I lied to you workforce. I’m sorry. I told you I was taking allergy medicine and it is making me loopy. And it was making me spacey and making my voice crack and making me sound stuffed up. And the reason I sound so bummed out and sad is becuz I have some new allergy and the meds are making me weepy and lethargic. All lies. The truth is, that’s my heart above. It broke. (actually, someone ripped it out of my chest cavity and threw it on the I-10 where it was run over and smashed into tiny little peices, that’s what it feels like anyways) And although I would very much like to numb the pain, I won’t. I’m not ‘on’ anything. Just sadness. I wonder if when I’m out in public, can people tell my heart is broke? is it noticable? It would be nice if a stranger came up to me and said-”you look sad, it’ll be ok”. Actually, if that did really happen, I’d prob tell that person to eff off cuz god forbid strangers are nice to eachother. Anyway, I degress…….

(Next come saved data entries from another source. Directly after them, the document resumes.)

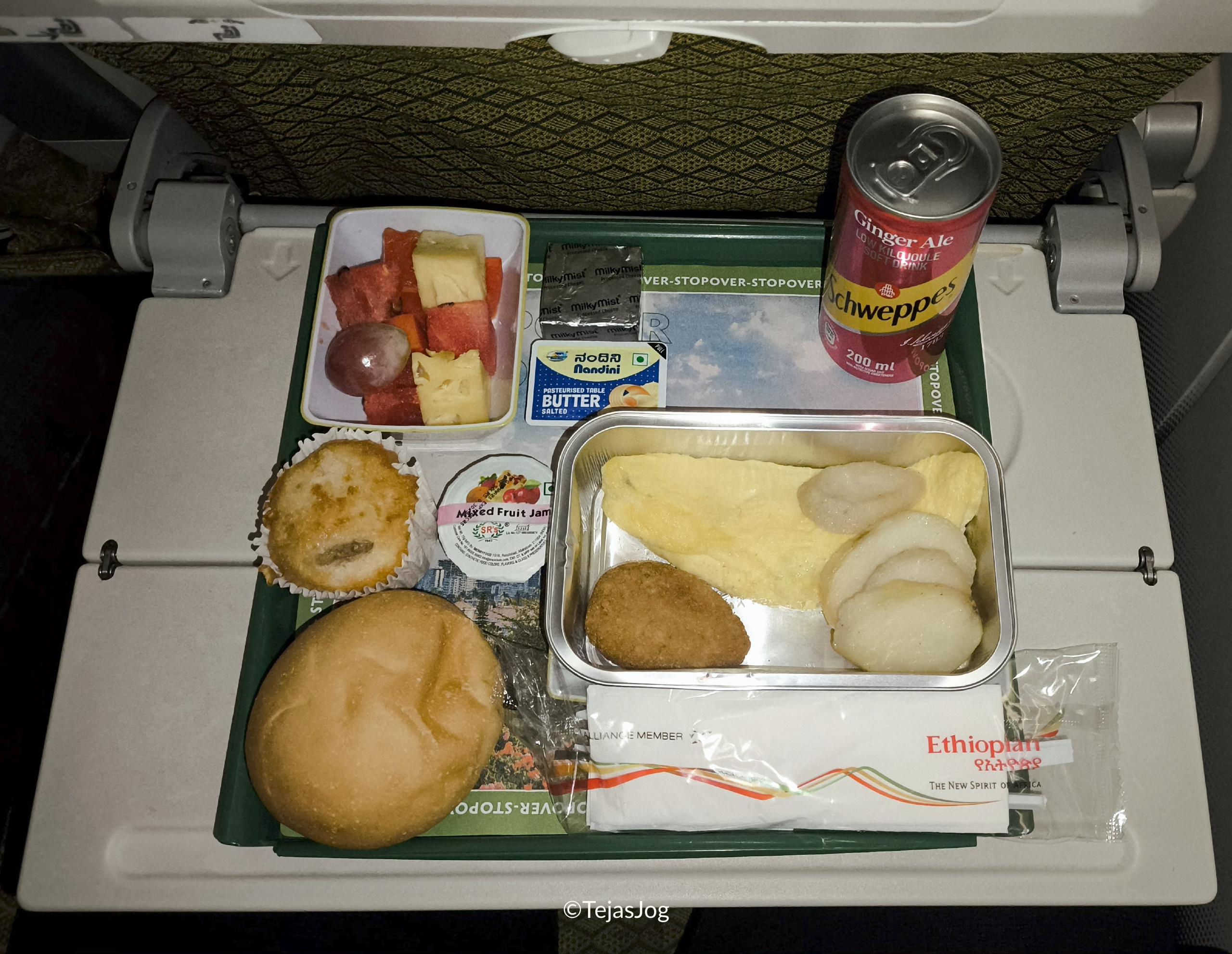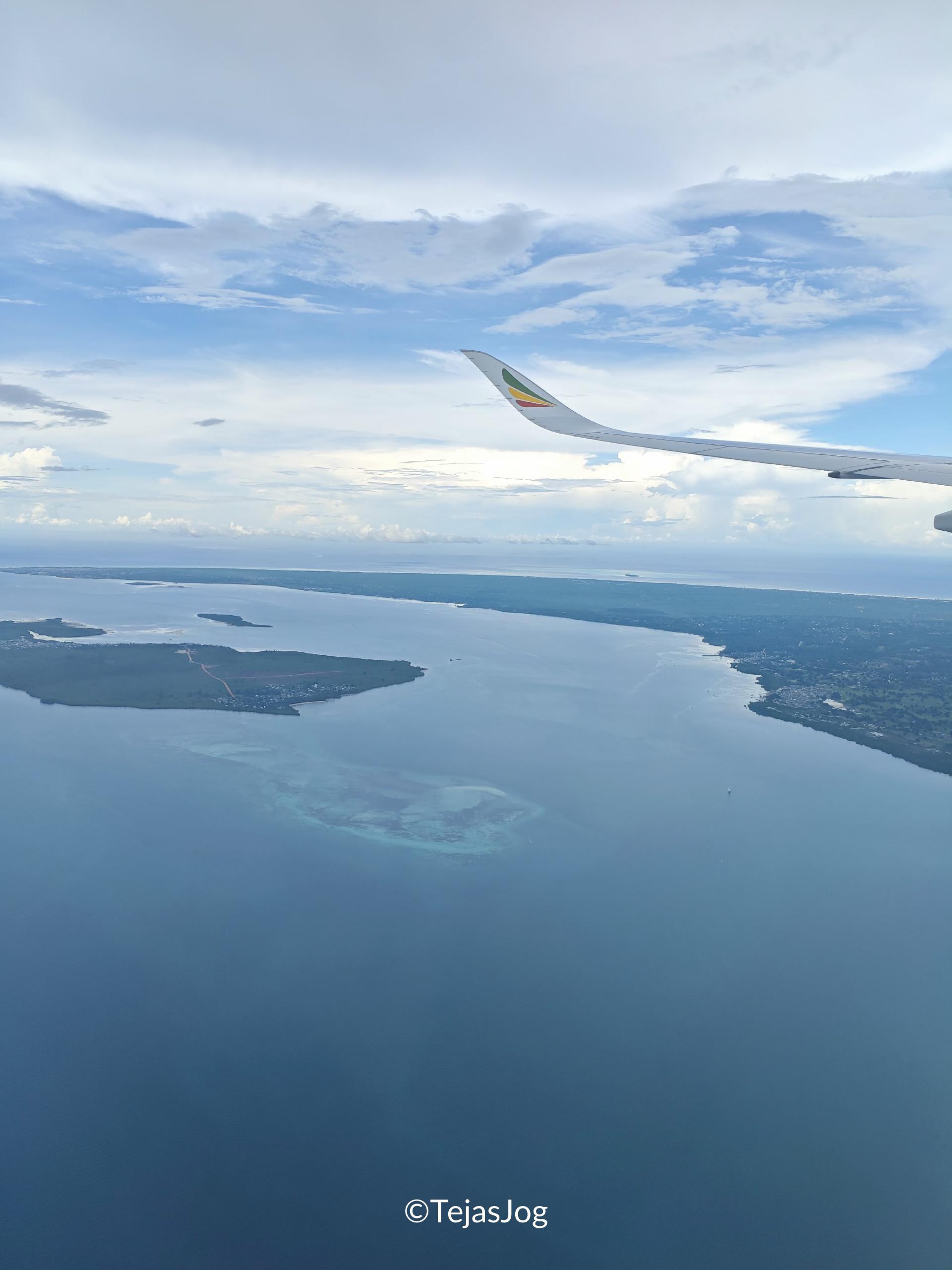 We started our journey for a quick trip to Zanzibar today. Our first flight was on Ethiopian Airlines from Mumbai to Addis Ababa. I had booked a window seat for myself and an aisle seat for my wife in the last row of economy with the hope that the middle seat would remain empty. However, the flight was completely full, and a co-passenger was assigned to the middle seat. While he likely would have agreed to exchange his middle seat for a window or aisle, we decided to stick with our assigned seats where we were both individually comfortable. The flight was uneventful, and I slept most of the time. Breakfast was served shortly before we landed.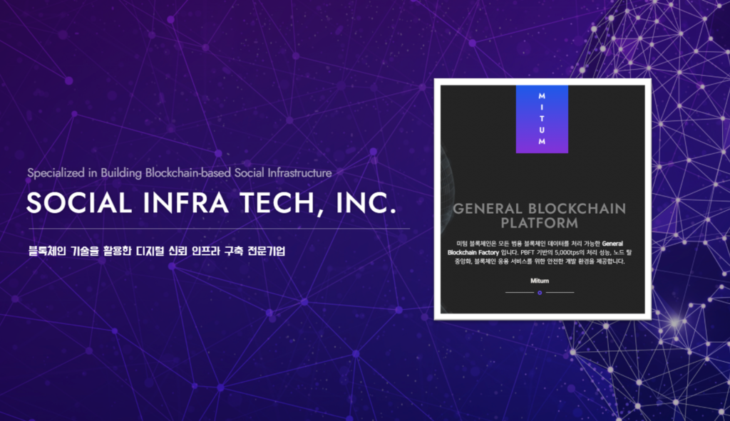 소셜인프라테크의 경쟁력은 남다르다. 제로 베이스에서 자체 개발한 블록체인 메인넷 ‘미텀 플랫폼’을 기반으로 토큰 발행은 물론 디지털 문서의 소유권과 원본성을 증명하는 ‘블록사인’, 블록체인 기반 마인크래프트 게임 ‘블록시티’ 등을 제시하고 있다.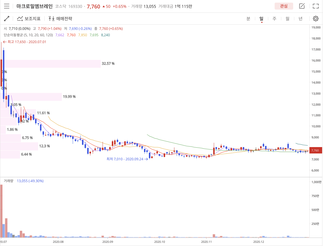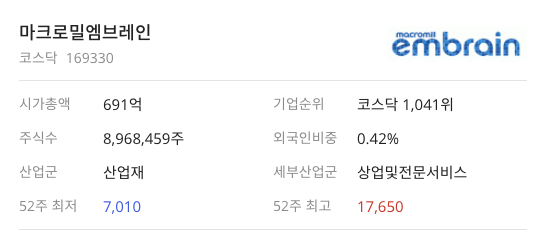 엠브레인(169330)은 2020년 7월 1일에 상장해서 52주 고점 17,650원을 찍고 2020년 9월 24일 52주 저점 7,010원을 찍고 2020년 12월 30일 7,760원에 장을 마감했습니다.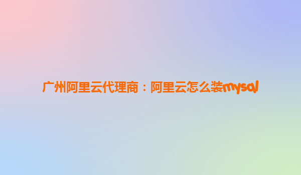 广州阿里云代理商:阿里云怎么装MySQL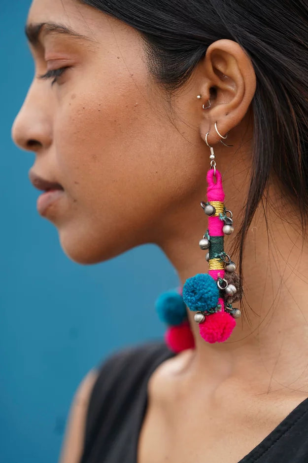 These cute cylindrical danglers combined with pom poms and ghungroos are the cutest pair of earrings you'll own.

Bare with me. I’ll snap out of it. Maybe. I dunno. Not gonna lie. This really effin sucks. Thankfully I have yall to make me smile everyday on the airwaves.
And I hope he has a really bad disease in his middle parts….just kidding….not really…….


I hope this all fake of course
Comment by lindsay — June 17, 2008 @ 3:50 pm
nope. not fake. I wouldn’t do that. all true. (this is from KAT fyi, even though Mitch’s name is attached. it’s me)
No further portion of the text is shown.